A la luz de estos interrogantes cobra todo su sentido la exhortación de Pablo en la segunda lectura (1 Timoteo 6, 11-16): “practica la justicia, la piedad (…), el amor”. La justicia es no sólo la equidad en las relaciones sociales en cuanto reconocimiento eficaz de la dignidad y los derechos de todo ser humano, sino ante todo la opción preferencial por los más pobres, que deben ser los primeros en ser atendidos; la piedad es no sólo la relación de unión con Dios mediante los ritos religiosos, sino ante todo la compasión de quien siente como suyo el sufrimiento de los demás; y el amor es no sólo el afecto hacia las personas que nos caen o nos tratan bien, o que nos pueden recompensar, sino ante todo la solidaridad con los desposeídos para buscar su liberación de la miseria. Es significativo a este respecto lo que continúa diciéndole Pablo a Timoteo en los versículos siguientes (17-19): “A los que tienen riquezas de esta vida, mándales que no sean orgullosos ni pongan su esperanza en sus riquezas, porque las riquezas no son seguras. Antes bien, mándales que pongan su esperanza en Dios, el cual nos da todas las cosas con abundancia y para nuestro provecho. Mándales que hagan el bien, que se hagan ricos en buenas obras y que estén dispuestos a dar y compartir lo que tienen. Así tendrán riquezas que les proporcionarán una base firme para el futuro, y alcanzarán la vida verdadera”.

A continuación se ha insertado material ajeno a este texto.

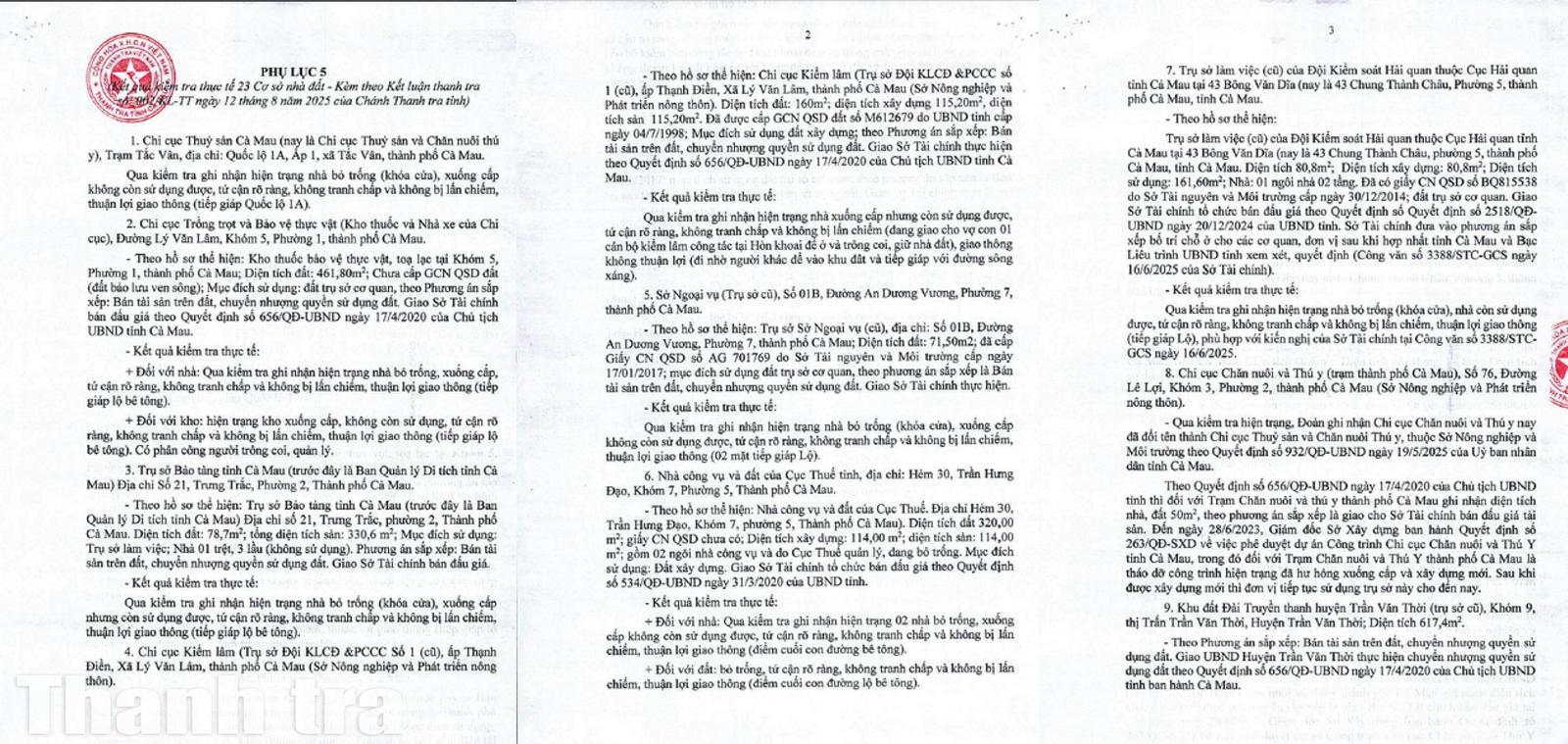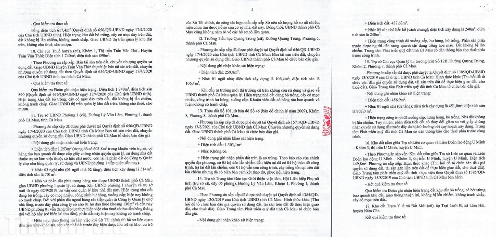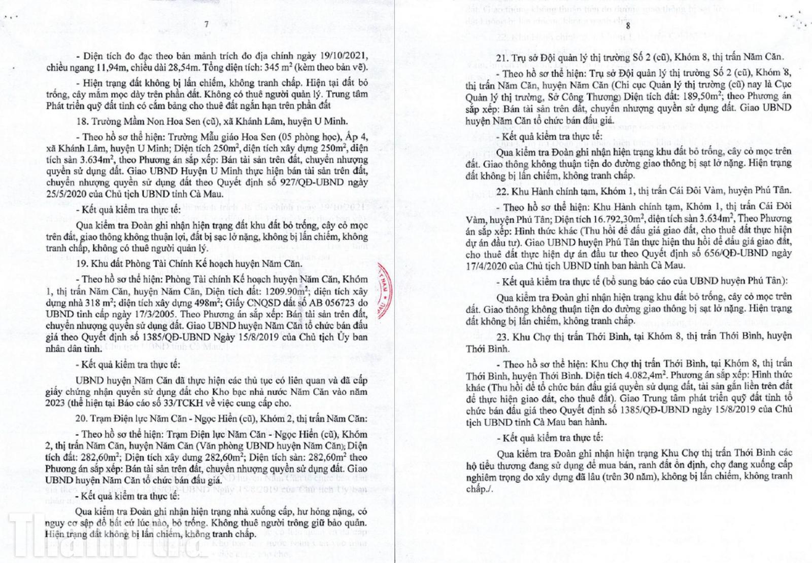 Ngoài ra, qua thanh tra các khu đất, các cơ sở nhà, đất giao UBND các huyện, thành phố Cà Mau bán đấu giá cho thấy, UBND thành phố Cà Mau được giao bán tài sản trên đất, chuyển nhượng quyền sử dụng đất 4 cơ sở, nhưng chỉ có 1 cơ sở đang thực hiện thủ tục bán đấu giá chuyển nhượng quyền sử dụng đất; 3 cơ sở chưa thực hiện. UBND huyện Năm Căn được giao bán tài sản trên đất, chuyển nhượng quyền sử dụng đất 3 cơ sở nhà đất; kết quả đã điều chuyển 1 cơ sở nhà đất, 2 cơ sở nhà đất chưa thực hiện. Còn UBND huyện Trần Văn Thời được giao bán tài sản trên đất, chuyển nhượng quyền sử dụng đất 2 cơ sở, nhưng chỉ có 1 cơ sở đang thực hiện; 1 chưa thực hiện...

Nos reunimos en la Eucaristía alrededor de una misma mesa en la que partimos el pan para compartir como hermanos, hijos del mismo Dios Creador, la presencia y la vida de su Hijo, Jesucristo muerto en la cruz y resucitado. Dispongámonos, movidos por su Espíritu e invocando la intercesión de María santísima, a realizar en nuestra existencia cotidiana lo que aquí significamos, compartiendo lo que tenemos especialmente con los más necesitados, para que así se manifieste entre nosotros y en nuestra sociedad la presencia de Dios que es Amor. Así sea.